◆ Problem statement:
Every entry must be transcribed exactly. Pictures are not part of the copy.

(Saved entries)
┌──

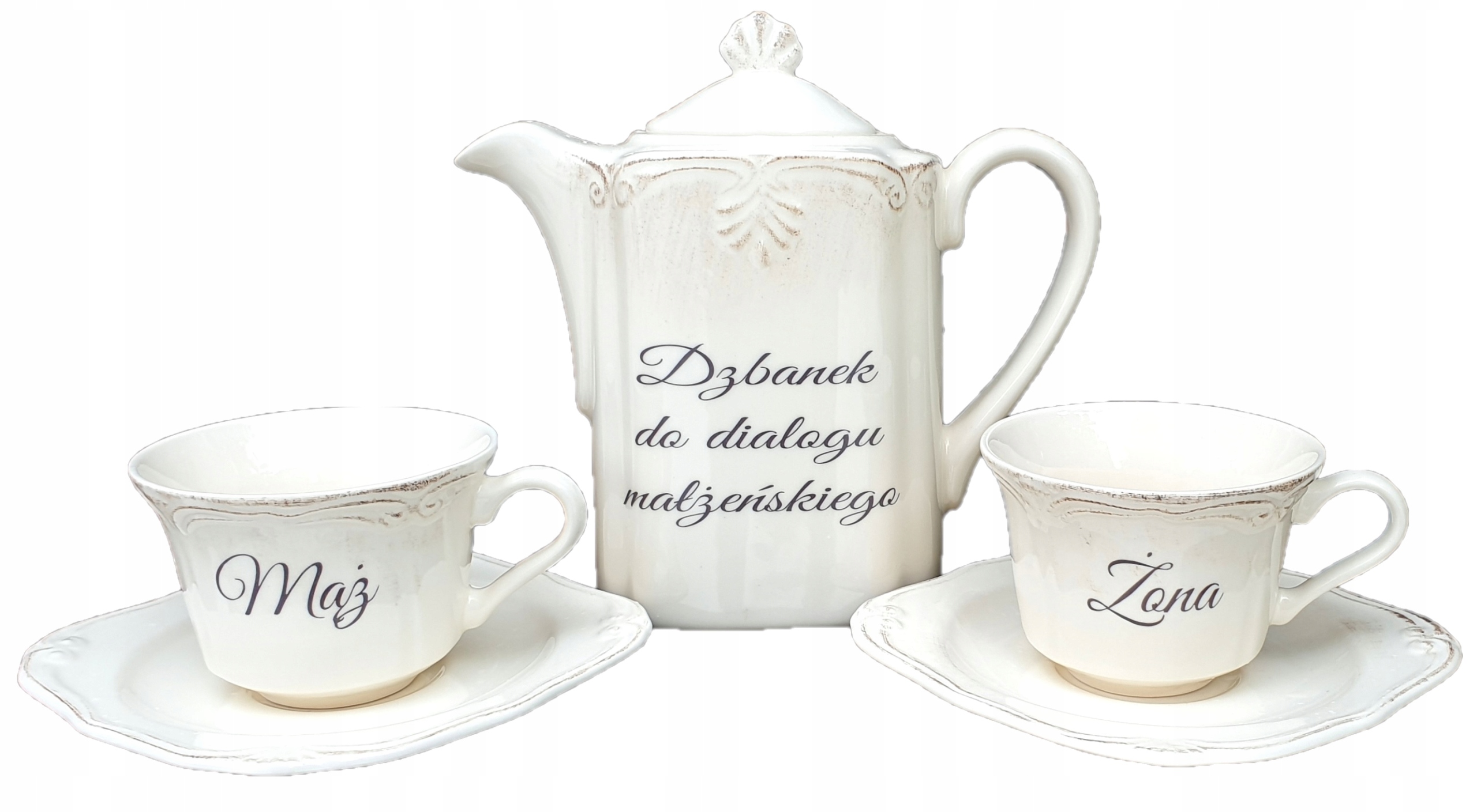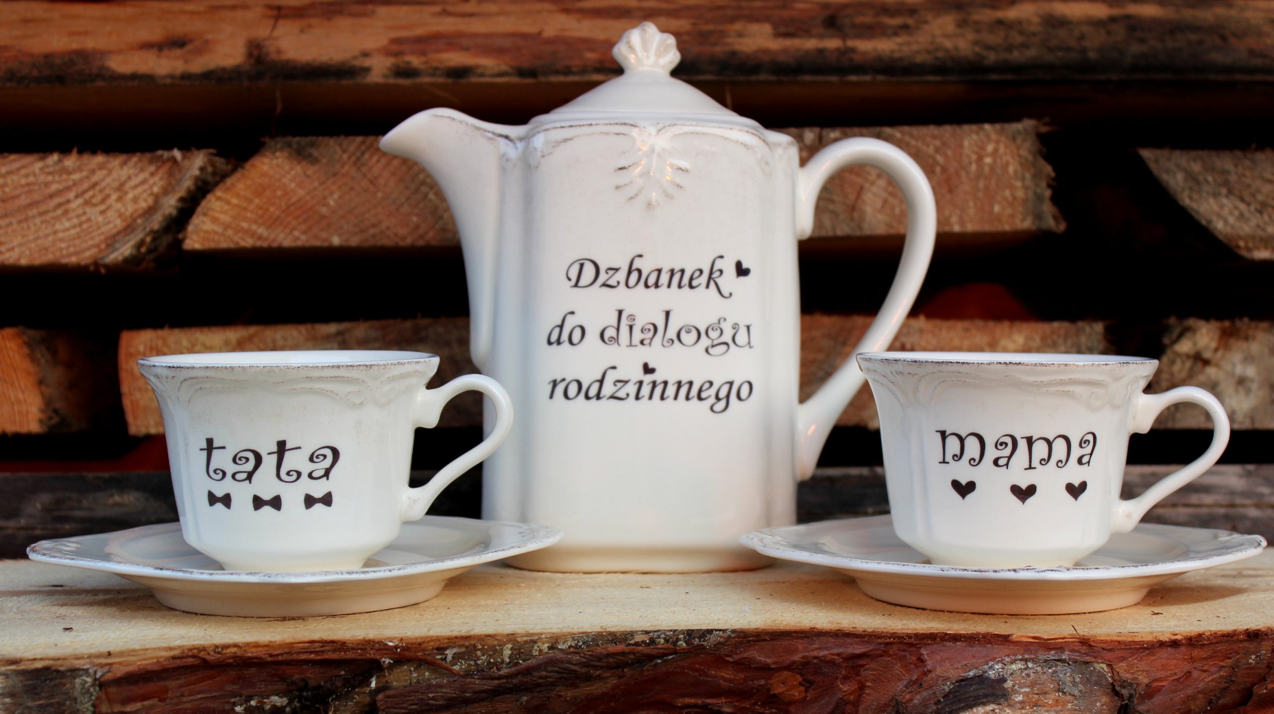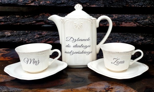 Nadruki na filiżankach z pełną elegancji czcionką oraz odpowiednio dobraną dedykacją na dzbanku nadają ceramice ciepła i serdeczności.
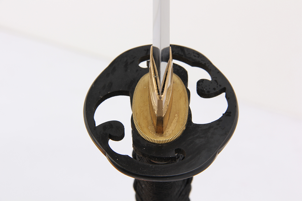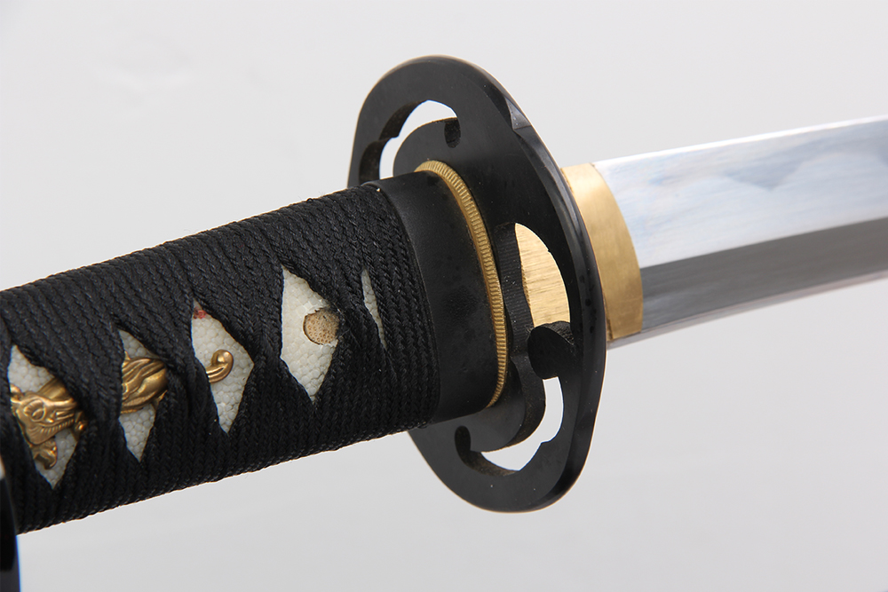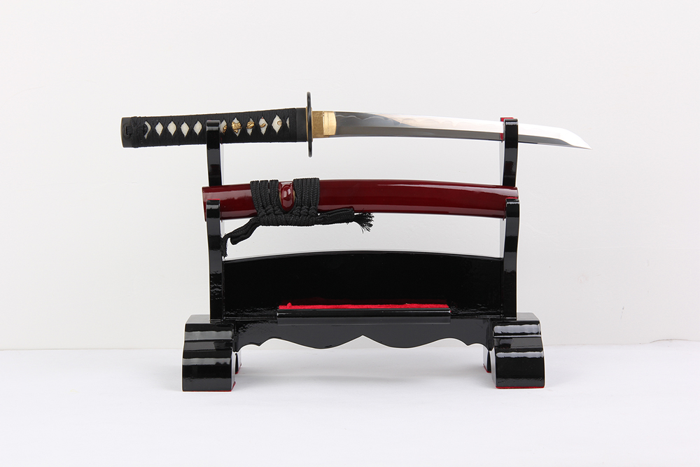 鞘材:實木半透明酒紅漆三個黑牛角 繞黑色真絲帶
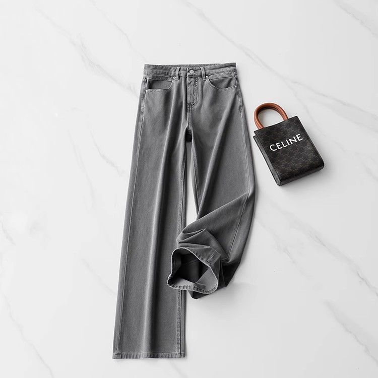 통근 빈티지 드레스 고정 염료 세척 4 면 편안한 루즈 스트레이트 캐주얼 올 매치 데님 바지 여자 가을 뉴스토어 가기
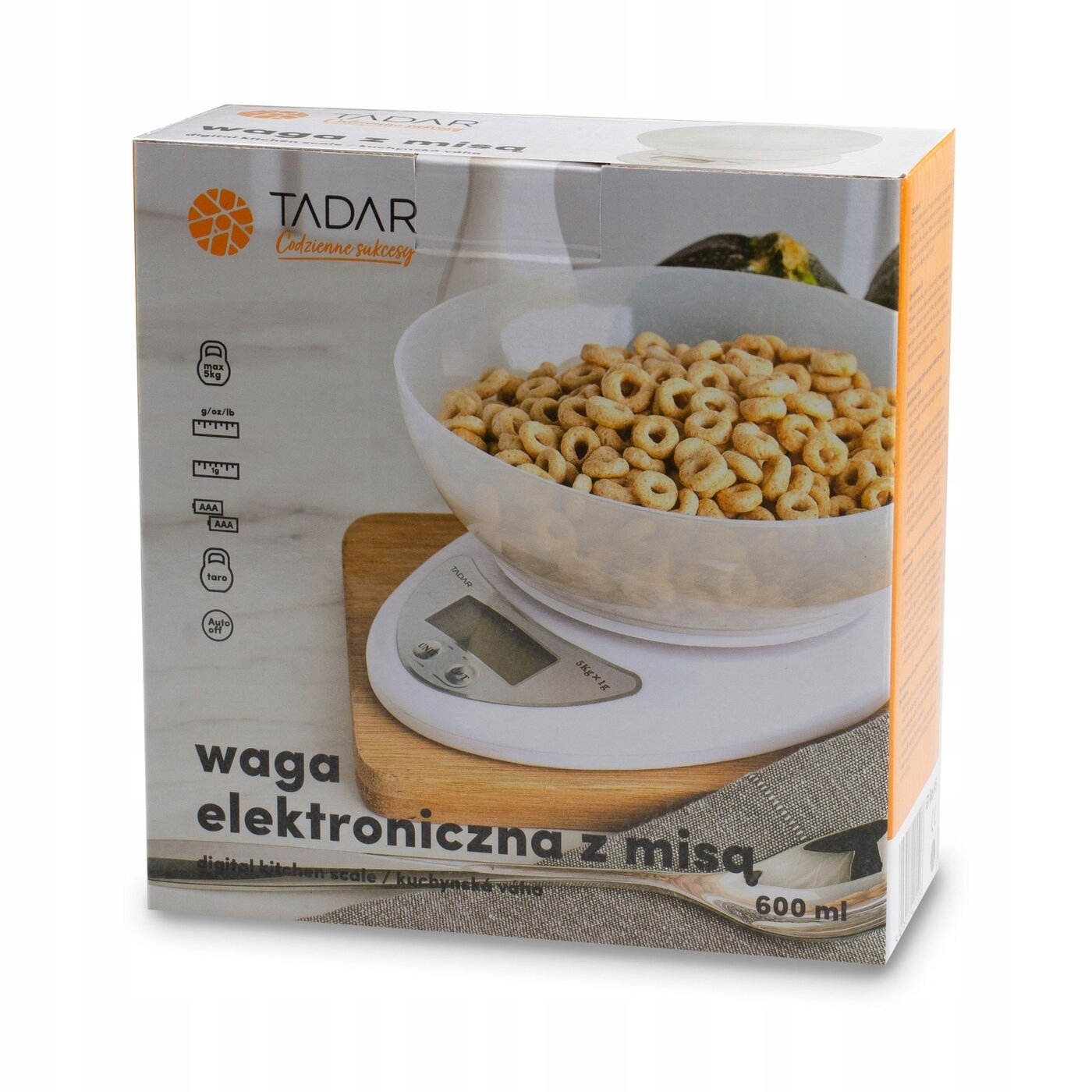 Электронные кухонные весы Tadar на 5 кг белого цвета, оснащены чашей объемом 600 мл. Такое решение облегчает взвешивание овощей, фруктов и сыпучих пищевых продуктов. Вы сделаете это до грамма. Модель также позволяет производить измерения в унциях и фунтах. Кроме того, он имеет функцию тарирования и индикатор перегрузки. Вся информация отображается на четком ЖК-дисплее. Батарейки, необходимые для питания изделия, в комплект не входят. Модель будет полезна при приготовлении пищи или выпечке. Это также удобно, гарантирует устойчивое положение на столешнице и не создаст проблем при хранении.
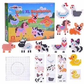 1000 Maxi XL 10mm Bügelperlen Set Bauernhof, 1 Maxi Stiftplatte, 1000 Bunte Bügelperlen, 10 Papiervorlagen, 3x Bügelpapier Krea
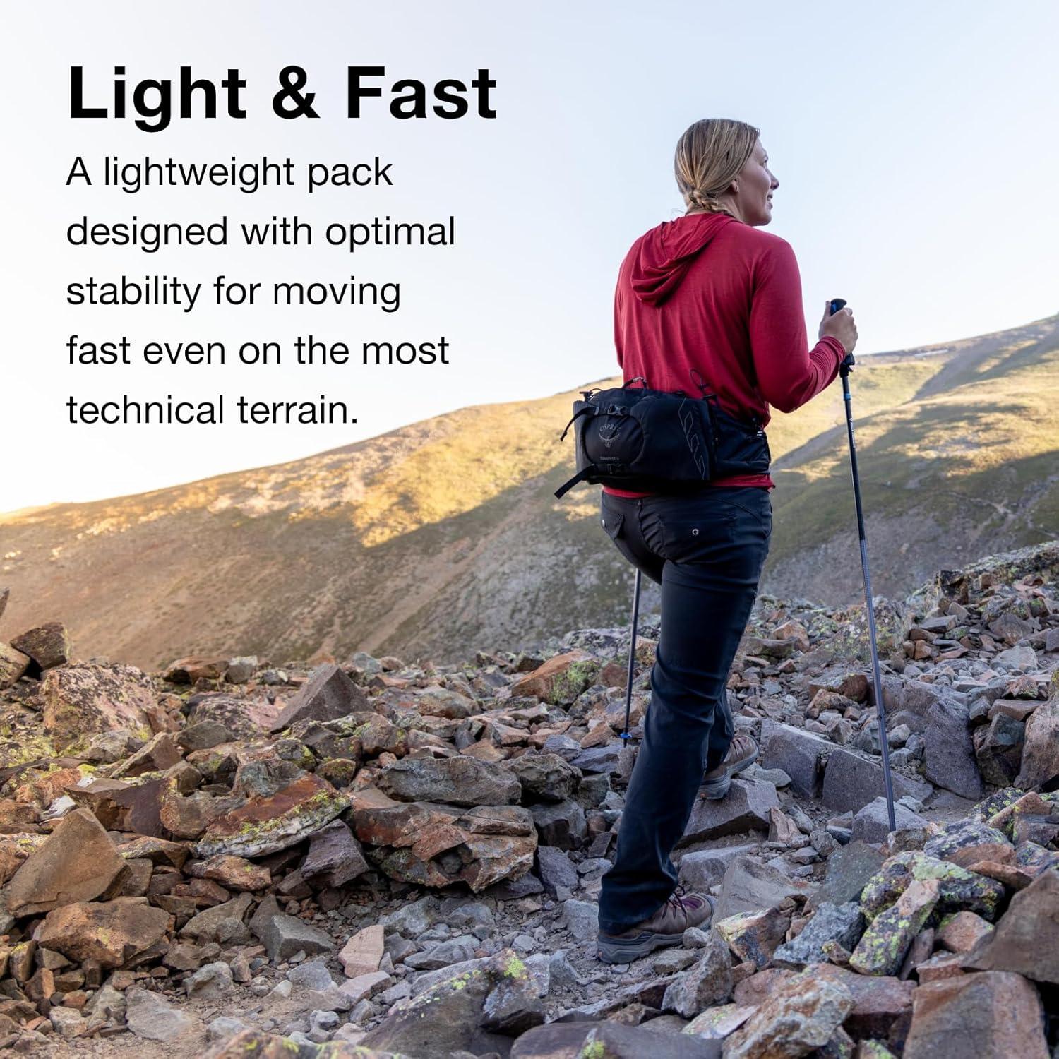 LIGHTWEIGHT & VERSATILE DESIGN: The Osprey Talon 6L is a compact waist pack that keeps your essentials close without the weight of a full backpack. Its lightweight design and multi-sport versatility make it an ideal choice for hikes, cycling, travel and other outdoor adventures where freedom of movement matters most.
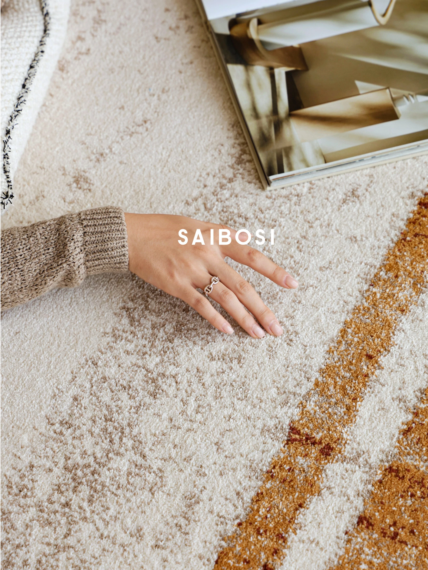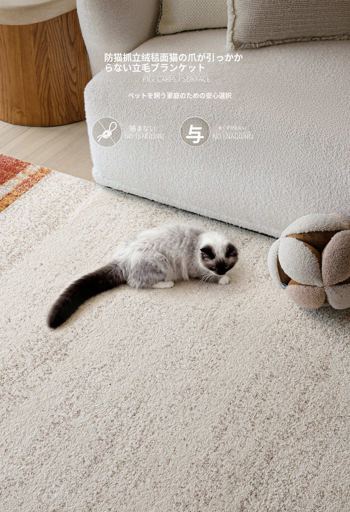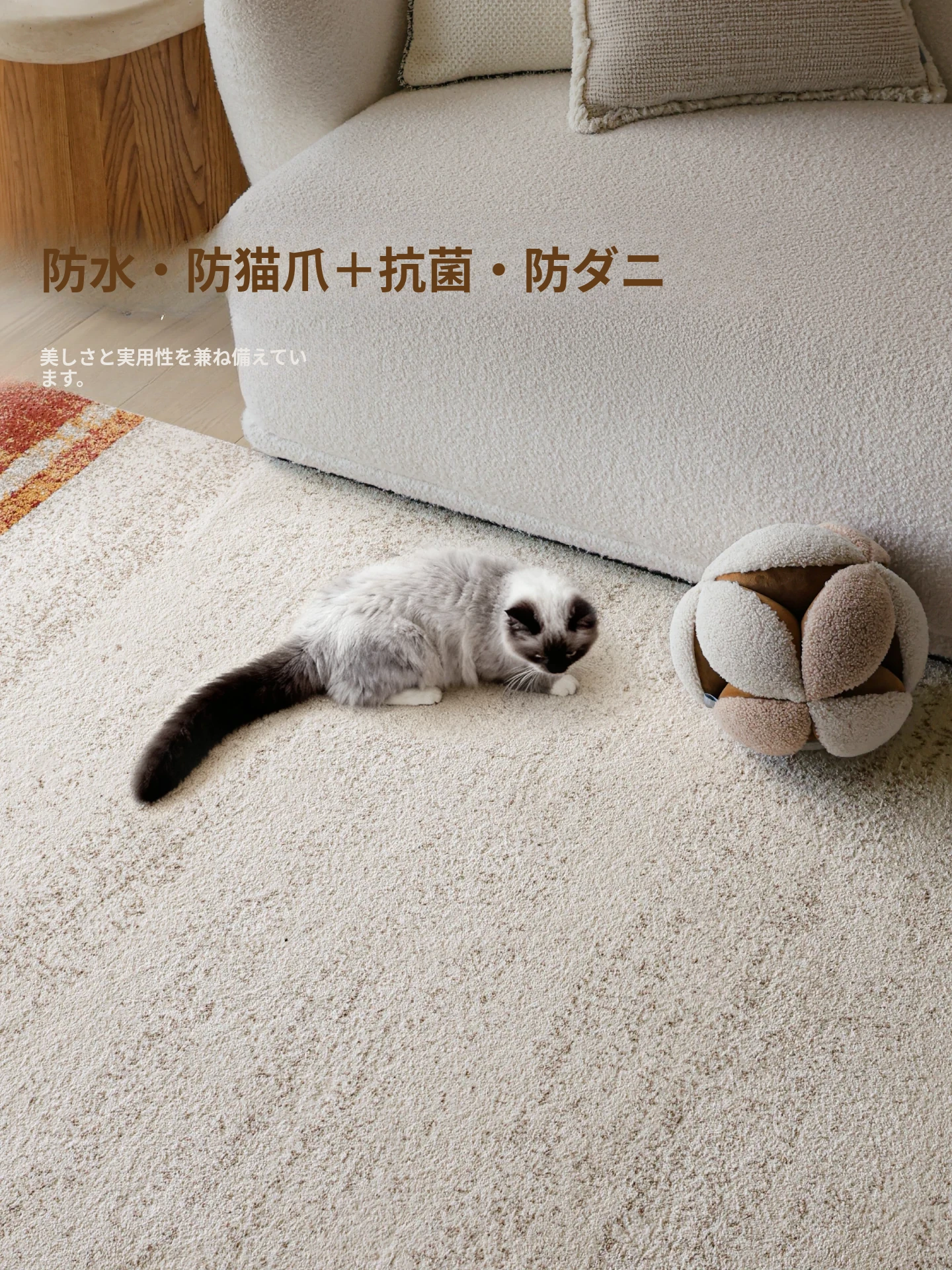 セイボスの光を求める無接着剤カーペット、防水・猫の爪防止機能付き。アンティーク風のイタリアンラグで、リビングや寝室に上質な高級感をプラス!
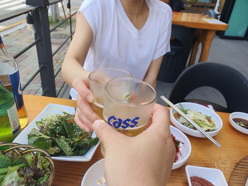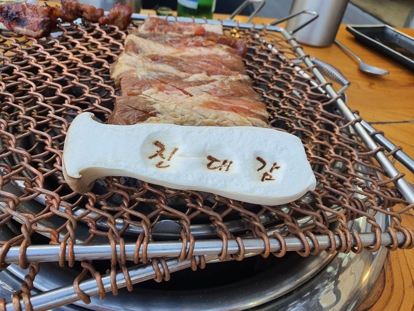 돼지갈비는 야외에서
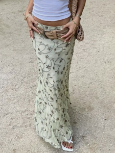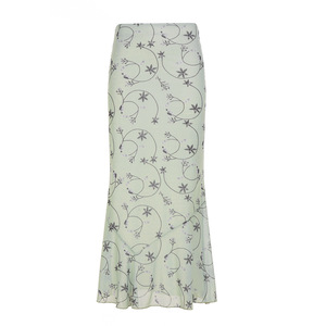 法式浪漫田园风清新绿色小碎花半身裙跨境低腰减龄百搭A字裙长裙
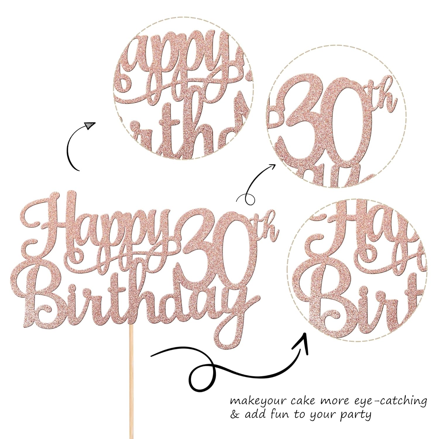 - Wide Usages ! The cake topper is perfect for happy 30th birthday theme party, cheers to 30 years birthday theme party cake decorations, they can make your cake more attractive and bring the fun to your party.You can also apply them for ice cream, fruits, cookies and other desserts.

└──

◆ Answer to the problem:
 Nadruki na filiżankach z pełną elegancji czcionką oraz odpowiednio dobraną dedykacją na dzbanku nadają ceramice ciepła i serdeczności.
 鞘材:實木半透明酒紅漆三個黑牛角 繞黑色真絲帶
 통근 빈티지 드레스 고정 염료 세척 4 면 편안한 루즈 스트레이트 캐주얼 올 매치 데님 바지 여자 가을 뉴스토어 가기
 Электронные кухонные весы Tadar на 5 кг белого цвета, оснащены чашей объемом 600 мл. Такое решение облегчает взвешивание овощей, фруктов и сыпучих пищевых продуктов. Вы сделаете это до грамма. Модель также позволяет производить измерения в унциях и фунтах. Кроме того, он имеет функцию тарирования и индикатор перегрузки. Вся информация отображается на четком ЖК-дисплее. Батарейки, необходимые для питания изделия, в комплект не входят. Модель будет полезна при приготовлении пищи или выпечке. Это также удобно, гарантирует устойчивое положение на столешнице и не создаст проблем при хранении.
 1000 Maxi XL 10mm Bügelperlen Set Bauernhof, 1 Maxi Stiftplatte, 1000 Bunte Bügelperlen, 10 Papiervorlagen, 3x Bügelpapier Krea
 LIGHTWEIGHT & VERSATILE DESIGN: The Osprey Talon 6L is a compact waist pack that keeps your essentials close without the weight of a full backpack. Its lightweight design and multi-sport versatility make it an ideal choice for hikes, cycling, travel and other outdoor adventures where freedom of movement matters most.
 セイボスの光を求める無接着剤カーペット、防水・猫の爪防止機能付き。アンティーク風のイタリアンラグで、リビングや寝室に上質な高級感をプラス!
 돼지갈비는 야외에서
 法式浪漫田园风清新绿色小碎花半身裙跨境低腰减龄百搭A字裙长裙
 - Wide Usages ! The cake topper is perfect for happy 30th birthday theme party, cheers to 30 years birthday theme party cake decorations, they can make your cake more attractive and bring the fun to your party.You can also apply them for ice cream, fruits, cookies and other desserts.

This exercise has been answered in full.